- _Assignment_
Go to the line containing "每天发送的邮件数量高达3000亿封。" in the material below. From there to the end, retype every line exactly and drop the pictures.

- _Stored data_
_ _ _ _
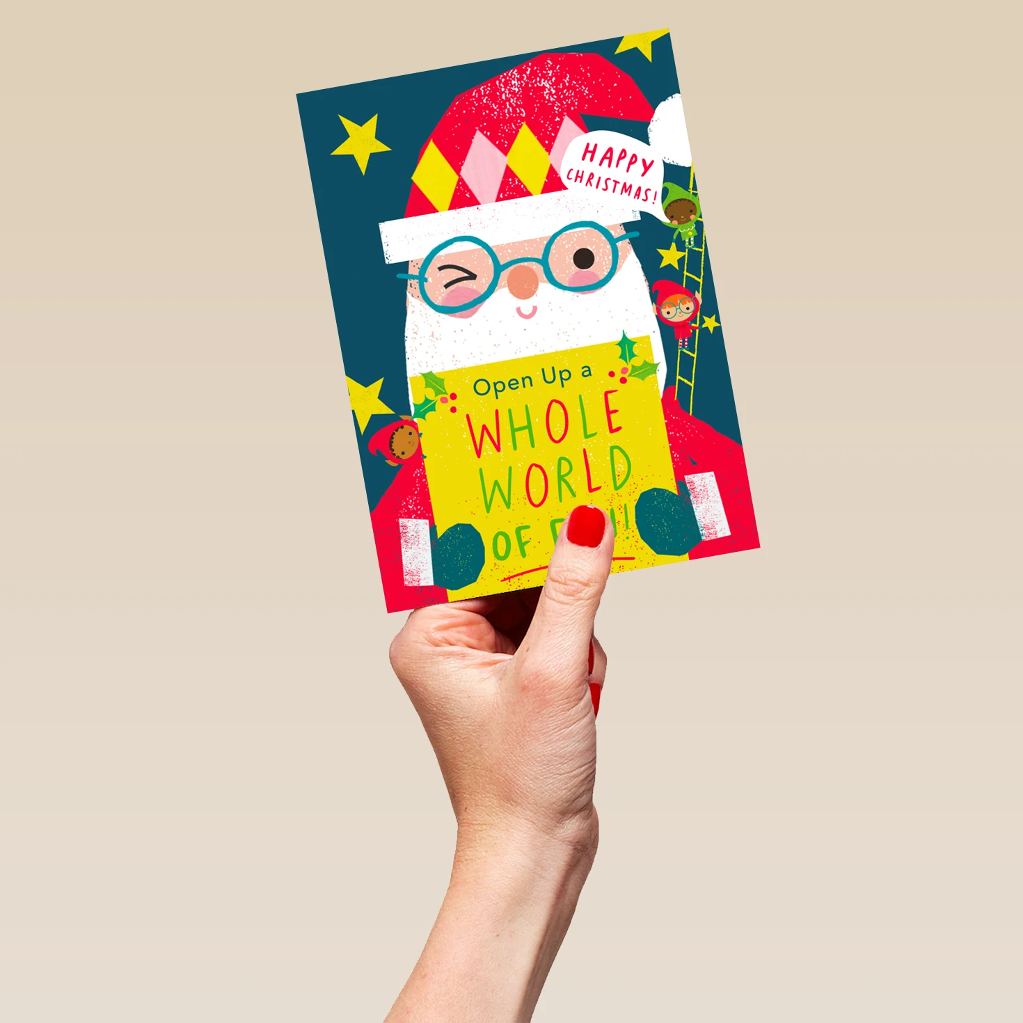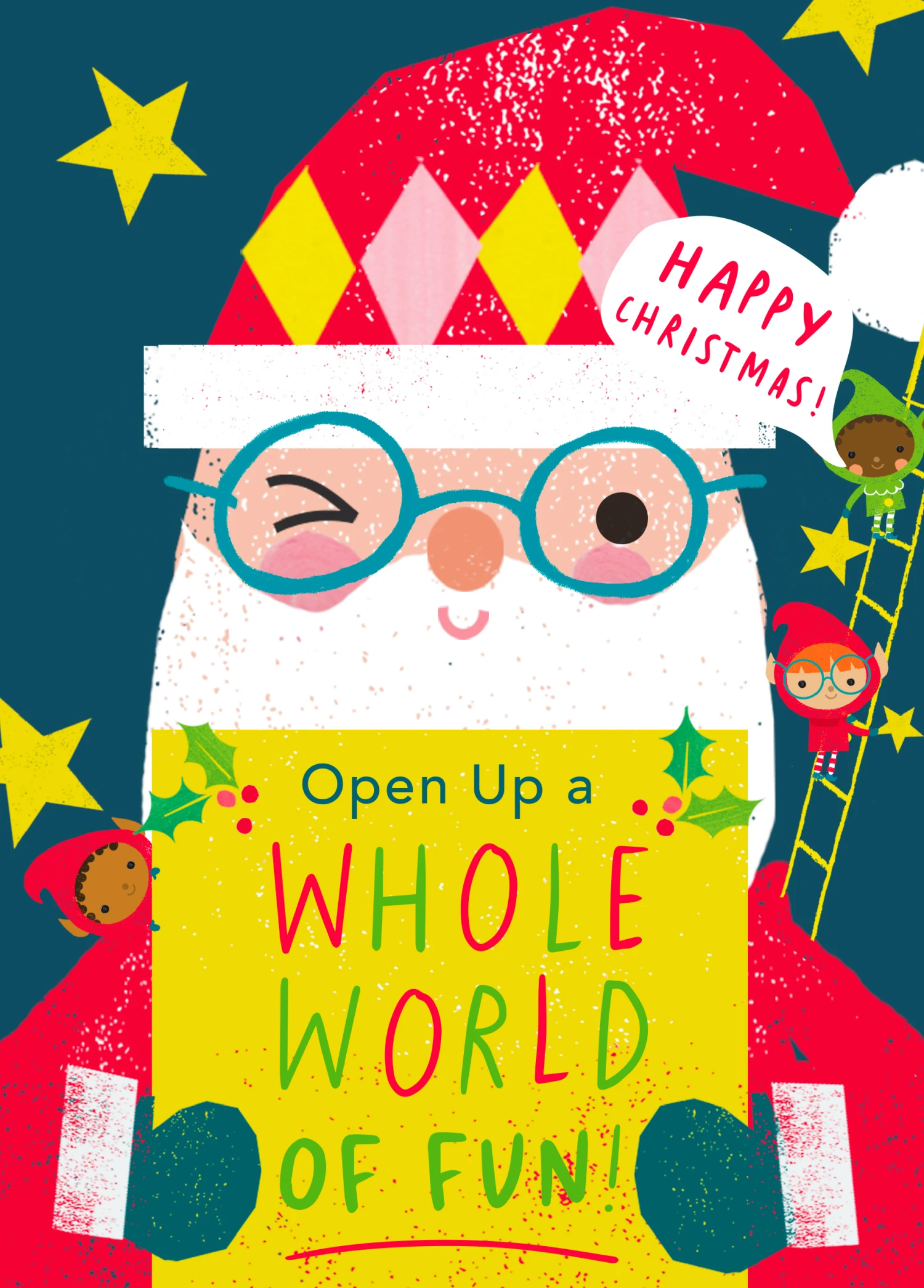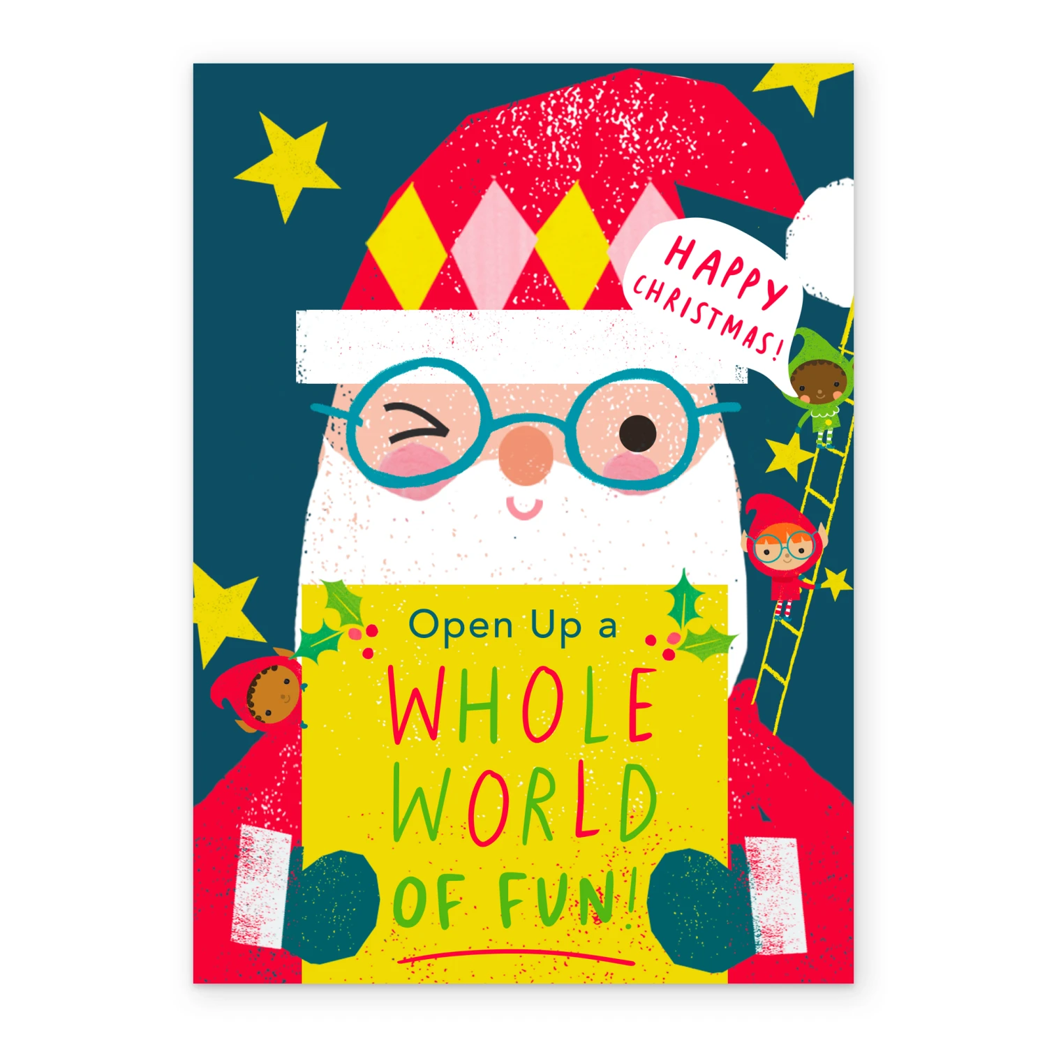 Show them you care with a personalised Santas elves card from Hallmark. Our Christmas cards are printed on premium quality, FSC®-certified card & delivered nationwide. This card is available as standard 12cm by 16.7cm and large 15.5cm by 21.6cm.
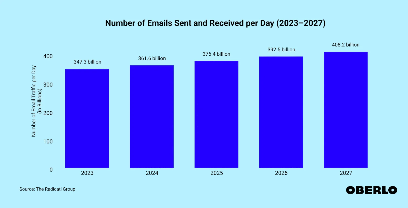 每天发送的邮件数量高达3000亿封。
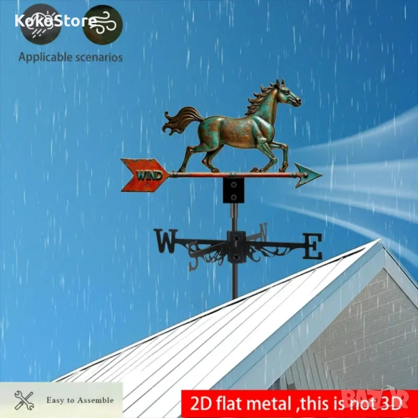 - издръжлив на метеорологични условия и служи не само за посочване посоката на вятъра, но и като градинска декорация за балконът или градината Ви.
_ _ _ _
- _Exercise answer_
 每天发送的邮件数量高达3000亿封。
 - издръжлив на метеорологични условия и служи не само за посочване посоката на вятъра, но и като градинска декорация за балконът или градината Ви.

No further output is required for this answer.